Stored data
_ _ _ _ _ _ _

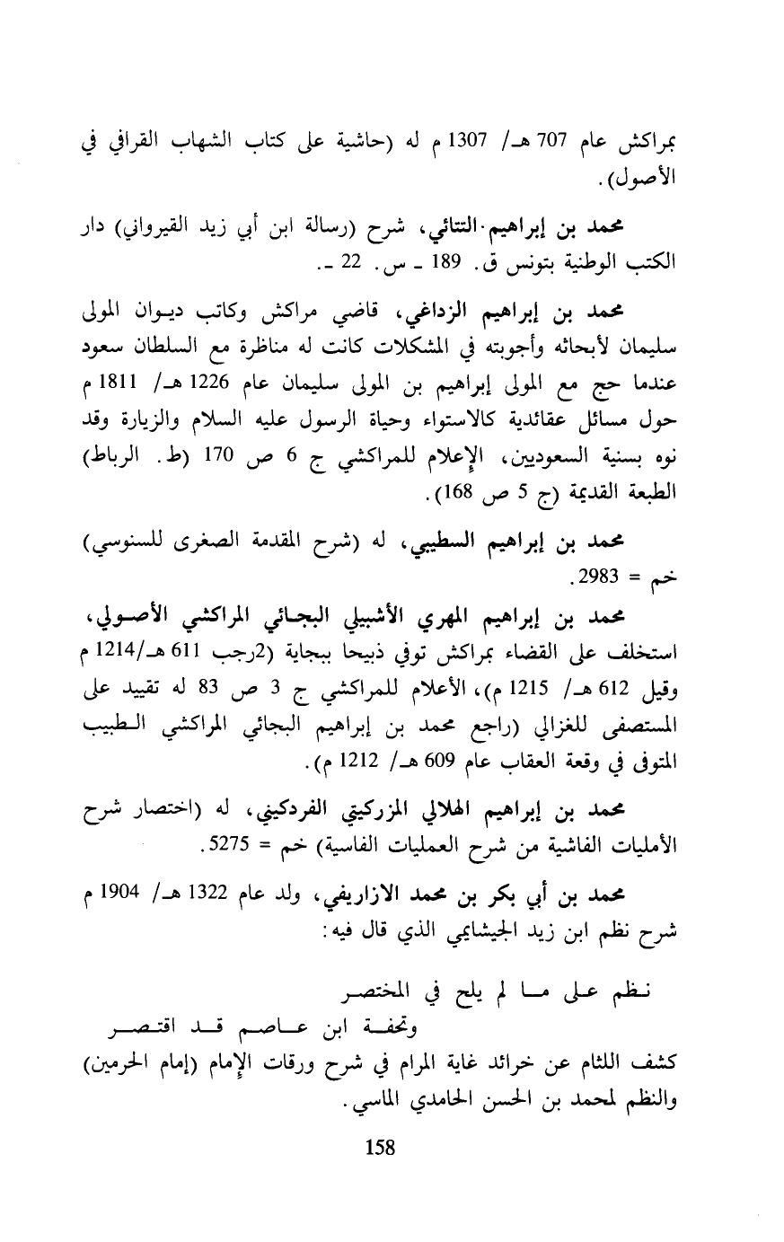 محمد بن إبراهيم الزداغي، قاضي مراكش وكاتب ديوان المولى سليمان لأبحاثه وأجوبته في المشكلات كانت له مناظرة مع السلطان سعود عندما حج مع المولى إبراهيم بن المولى سليمان عام 1226 هـ/ 1811 م حول مسائل عقائدية كالاستواء وحياة الرسول عليه السلام والزيارة وقد نوه بسنية السعوديين، الِإعلام للمراكشي ج 6 ص 170 (ط. الرباط) الطبعة القديمة (ج 5 ص 168).
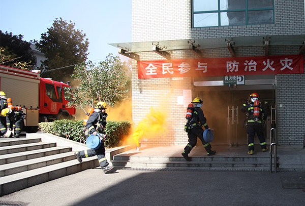 中午12点40分,演练指令准时发出,尚美楼4、5号楼周围浓烟四起,消防警报呼啸而至、响彻楼宇,应急疏散演练活动正式开始。各楼层学生在疏散引导员的指引下紧急撤离,从安全疏散通道鱼贯而出,短短几分钟的时间内,1709名参演学生全部疏散至安全区域。为提升演练教育效果,本次演练增加了应急救援程序。在发现楼内被困学生“呼救”后,消防大队战士全副武装,根据学校消防控制室人员及时、准确的报告,逆行穿过浓烟,冲入“火场”,及时将被困学生解救出来,经过第一时间的紧急救护,“昏迷”的学生转危为安。整个行动过程紧张有序、安全高效,赢得现场观摩师生掌声阵阵。列队清点人数后,消防大队指导员丁一鸣对本次疏散演练活动做了点评,演练活动取得圆满成功。
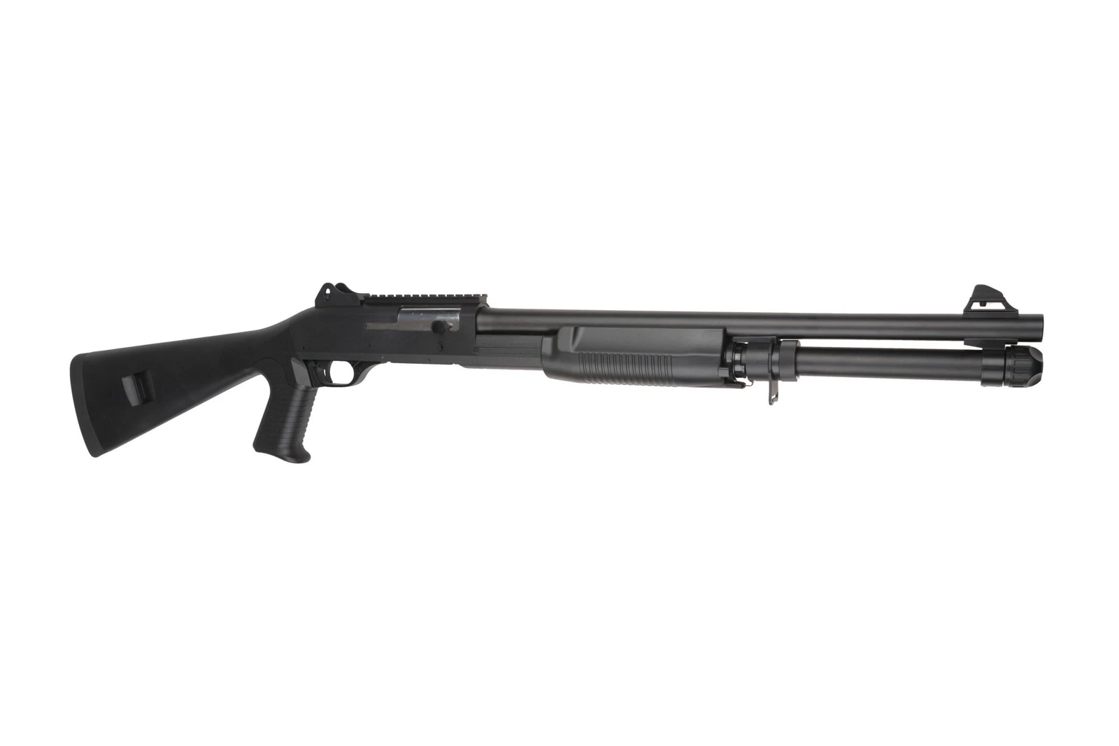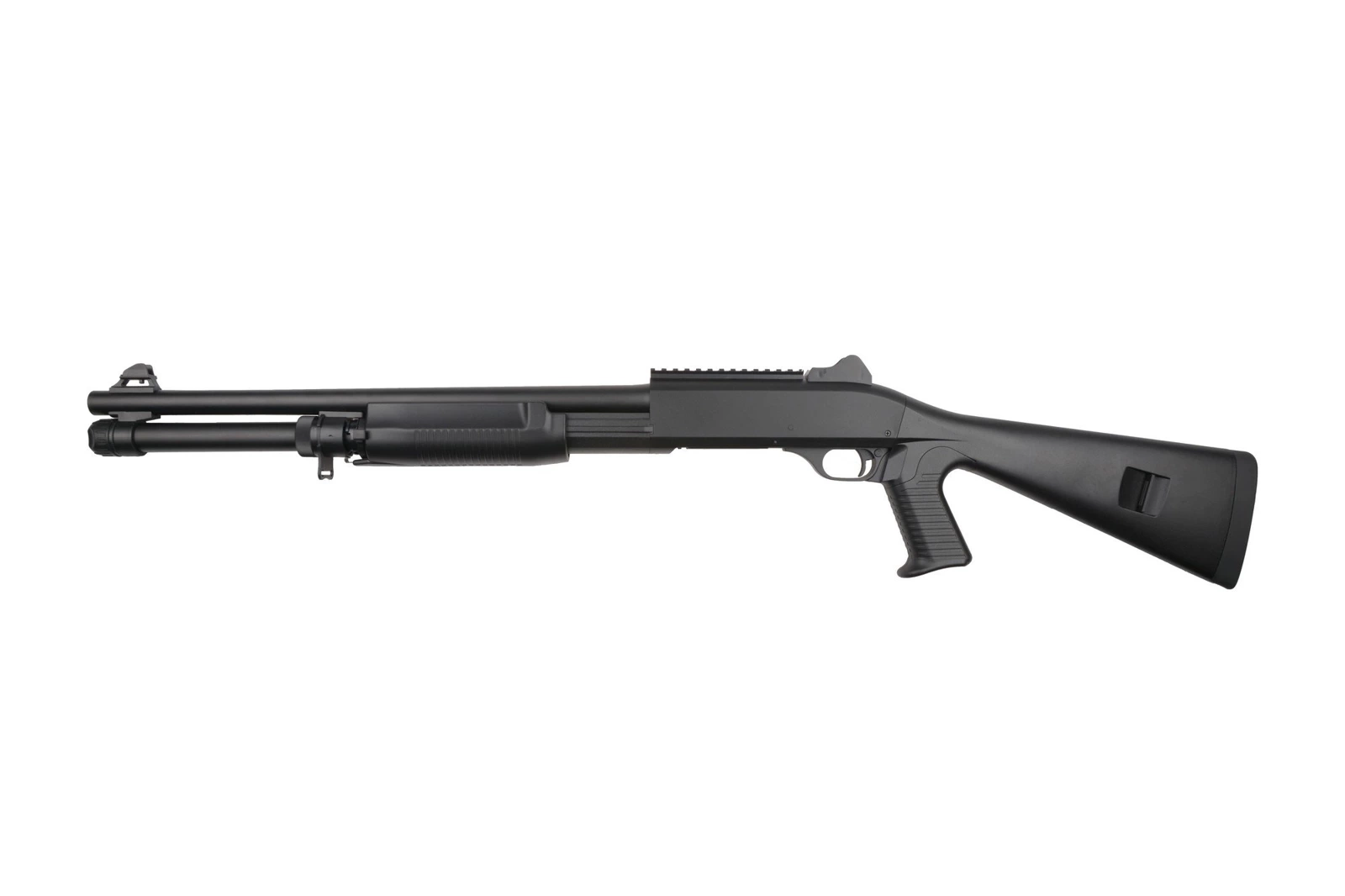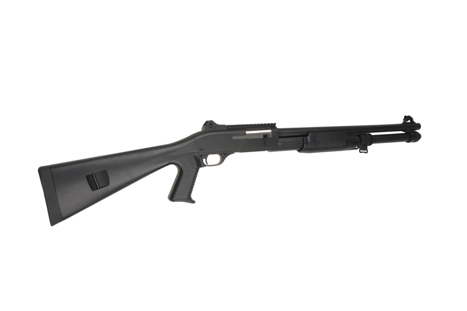 All elements of the replica fit very well together. Metal parts include the external barrel, forend slide, chamber plate, tactical sling swivels and shell ejection window plate. Remaining elements such as the pistol grip, forend, receiver and stock were made strong from polymer.
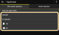 ![]() ![]() Hvis du registrerer papirformatene du bruker ofte på knappene <S1> til <S3>, kan du hente dem frem med ett trykk. Registrere et egendefinert papirformat
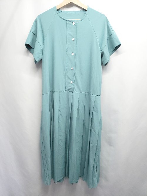 ◇ ⊂ ABITOKYO アビトーキョー プリーツ 半袖 ロング丈 ワンピース サイズF ターコイズグリーン系 レディース E
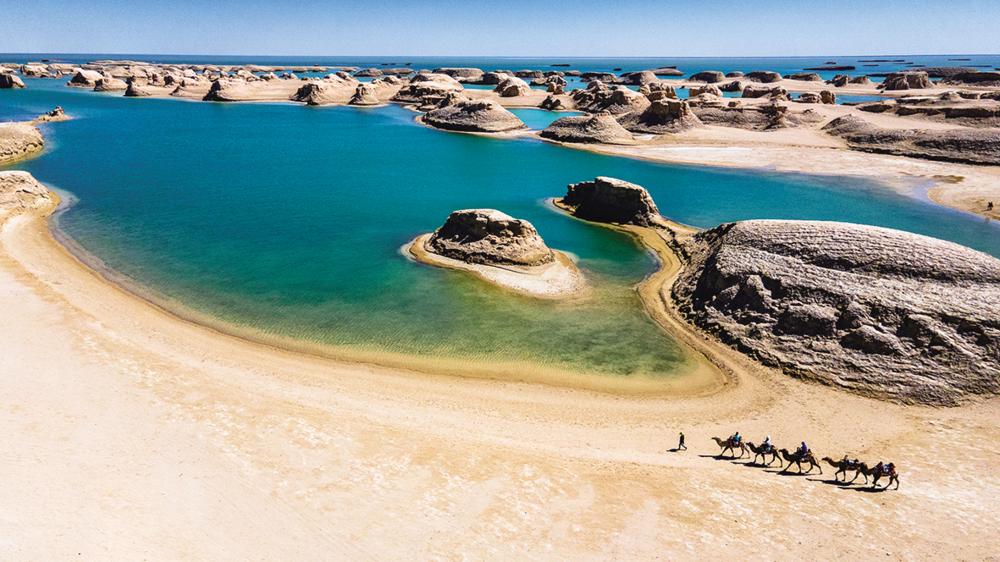 这里有云卷山野的草原与荒漠交界带,蓝天白云下,山峦如墨,草原翠绿如毯,远处的荒漠又添了几分苍凉雄浑,刚柔并济的景致勾勒出盆地的独特地貌;还有那澄澈如碧的湖水,或静谧如镜,倒映着远处的皑皑雪山,或因地质作用呈现出奇幻的蓝绿色,泛舟其上,仿佛闯入了人间仙境;更有水上雅丹的鬼斧神工,风与水的雕琢让土丘在水中矗立,或如巨兽蛰伏,或如城堡林立,当驼队缓缓走过沙丘时,历史的沧桑与自然的神奇在此刻交融;而雪山冰川的冷峻与荒漠峡谷的炽热,一冷一热间,尽显柴达木气候与地貌的极致之美。
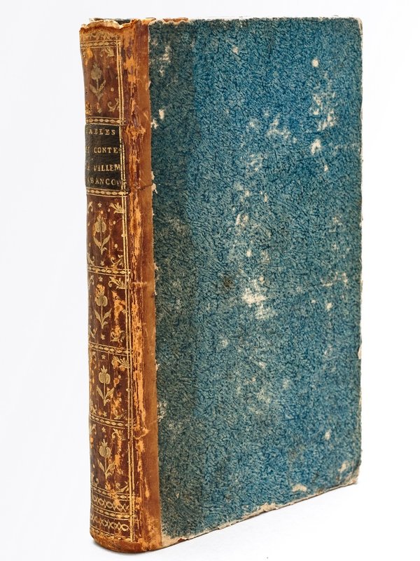 1 vol. in-8 reliure de l'époque demi-basane marron, dos lisse orné, Chez L. Cellot, Amsterdam, Paris, 1777, 136 pp., 2 ff., 124 pp. et Chez L. Cellot, A Londres et se trouve à Paris, 1778, 245 pp. (y compris faux-titre et titre) Exemplaire de toute rareté de l'édition originale des Fables, et de l'édition originale des Contes et Nouvelles, de François Jean Willemain d'Abancourt (1745-1803). Homme de lettres et important bibliophile, ses travaux furent souvent insérées dans les livraisons du Mercure. Etat satisfaisant (coiffe sup. arasée, coupes frottées, bon état par ailleurs).
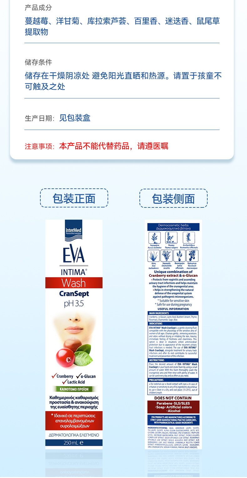 EVA蔓越莓女性私处洗护液 250ml*1瓶
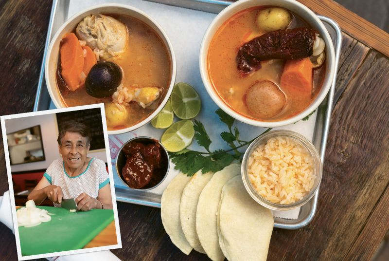 One of Abuela’s cherished family recipes is caldo Tlalpeño (above), a spicy chicken and chipotle soup from Tlalpan—a borough of Mexico City; (inset) “Abuela says in life, you must be strong and brave,” shares Sandra. “Fuerte y valiente.”
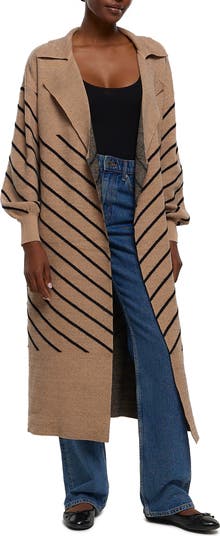 Diagonal stripes create a gorgeous chevron pattern within this oversized open-front cardigan.

_ _ _ _ _ _ _

INSTRUCTIONS TO FOLLOW:
Exactly as they appear, repeat the lines from the one containing "ターコイズグリーン系 レディース E" through the last line of the entries, counting both ends. Pictures stay out.

OUTPUT FOR THIS EXERCISE:
 ◇ ⊂ ABITOKYO アビトーキョー プリーツ 半袖 ロング丈 ワンピース サイズF ターコイズグリーン系 レディース E
 这里有云卷山野的草原与荒漠交界带,蓝天白云下,山峦如墨,草原翠绿如毯,远处的荒漠又添了几分苍凉雄浑,刚柔并济的景致勾勒出盆地的独特地貌;还有那澄澈如碧的湖水,或静谧如镜,倒映着远处的皑皑雪山,或因地质作用呈现出奇幻的蓝绿色,泛舟其上,仿佛闯入了人间仙境;更有水上雅丹的鬼斧神工,风与水的雕琢让土丘在水中矗立,或如巨兽蛰伏,或如城堡林立,当驼队缓缓走过沙丘时,历史的沧桑与自然的神奇在此刻交融;而雪山冰川的冷峻与荒漠峡谷的炽热,一冷一热间,尽显柴达木气候与地貌的极致之美。
 1 vol. in-8 reliure de l'époque demi-basane marron, dos lisse orné, Chez L. Cellot, Amsterdam, Paris, 1777, 136 pp., 2 ff., 124 pp. et Chez L. Cellot, A Londres et se trouve à Paris, 1778, 245 pp. (y compris faux-titre et titre) Exemplaire de toute rareté de l'édition originale des Fables, et de l'édition originale des Contes et Nouvelles, de François Jean Willemain d'Abancourt (1745-1803). Homme de lettres et important bibliophile, ses travaux furent souvent insérées dans les livraisons du Mercure. Etat satisfaisant (coiffe sup. arasée, coupes frottées, bon état par ailleurs).
 EVA蔓越莓女性私处洗护液 250ml*1瓶
 One of Abuela’s cherished family recipes is caldo Tlalpeño (above), a spicy chicken and chipotle soup from Tlalpan—a borough of Mexico City; (inset) “Abuela says in life, you must be strong and brave,” shares Sandra. “Fuerte y valiente.”
 Diagonal stripes create a gorgeous chevron pattern within this oversized open-front cardigan.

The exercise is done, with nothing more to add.